Journal Human molecular genetics
Volume (Issue) 22(9)
Page(s) 1903 - 10
Title of proceedings Human molecular genetics
DOI 10.1093/hmg/ddt033


Human genetic variation contributes to differences in susceptibility to HIV-1 infection. To search for novel host resistance factors, we performed a genome-wide association study (GWAS) in hemophilia patients highly exposed to potentially contaminated factor VIII infusions. Individuals with hemophilia A and a documented history of factor VIII infusions before the introduction of viral inactivation procedures (1979-1984) were recruited from 36 hemophilia treatment centers (HTCs), and their genome-wide genetic variants were compared with those from matched HIV-infected individuals. Homozygous carriers of known CCR5 resistance mutations were excluded. Single nucleotide polymorphisms (SNPs) and inferred copy number variants (CNVs) were tested using logistic regression.
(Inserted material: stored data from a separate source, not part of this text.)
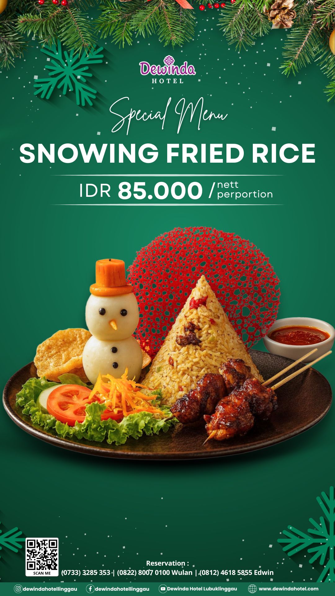 Rayakan kehangatan musim Natal dengan sajian istimewa dari Dewinda Hotel ”Snowing Fried Rice” kreasi eksklusif yang memadukan cita rasa khas nusantara dengan sentuhan artistik bertema winter celebration. Hadir dengan plating yang refined dan memikat, menu ini menampilkan:🍚 Nasi goreng spesial yang kaya aroma dan cita rasa🍢 Sate ayam lembut dengan balutan bumbu manis gurih☃️ Snowman […]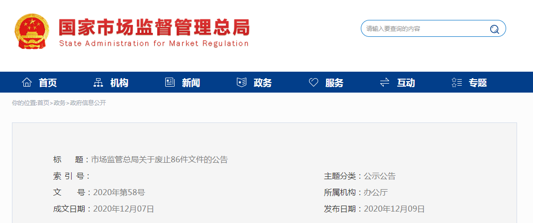 市場監(jiān)管總局關(guān)于廢止86件文件的公告
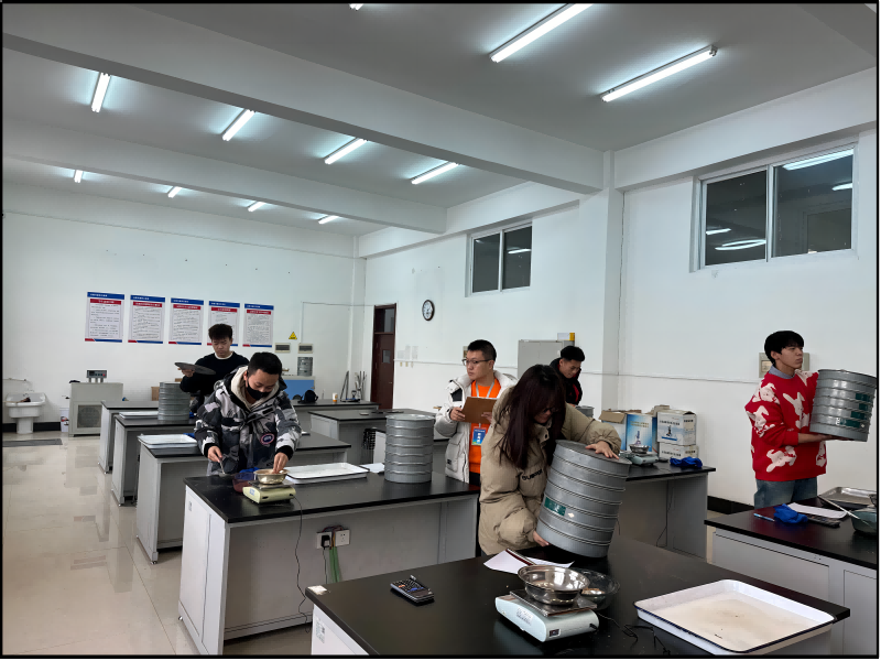 12月15日為材料篩分賽項(xiàng)比賽,該賽項(xiàng)主要檢驗(yàn)參賽選手的基本材料理論知識(shí)和細(xì)集料篩分試驗(yàn)的實(shí)操技能。本次大賽吸引了建筑、道橋、造價(jià)3個(gè)專業(yè)7個(gè)班級共計(jì)60人報(bào)名參加,大賽預(yù)賽先是進(jìn)行了基礎(chǔ)理論知識(shí)考試,最終篩選出30人參加材料篩分的實(shí)操比賽。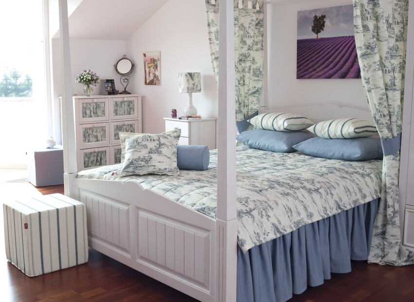 Прованс предусматривает цветочные атрибуты, узоры, оборки.

In addition, we performed a pathway enrichment analysis, a heritability analysis, and a search for epistatic interactions with CCR5 Δ32 heterozygosity. A total of 560 HIV-uninfected cases were recruited: 36 (6.4%) were homozygous for CCR5 Δ32 or m303. After quality control and SNP imputation, we tested 1 081 435 SNPs and 3686 CNVs for association with HIV-1 serostatus in 431 cases and 765 HIV-infected controls. No SNP or CNV reached genome-wide significance. The additional analyses did not reveal any strong genetic effect. Highly exposed, yet uninfected hemophiliacs form an ideal study group to investigate host resistance factors. Using a genome-wide approach, we did not detect any significant associations between SNPs and HIV-1 susceptibility, indicating that common genetic variants of major effect are unlikely to explain the observed resistance phenotype in this population.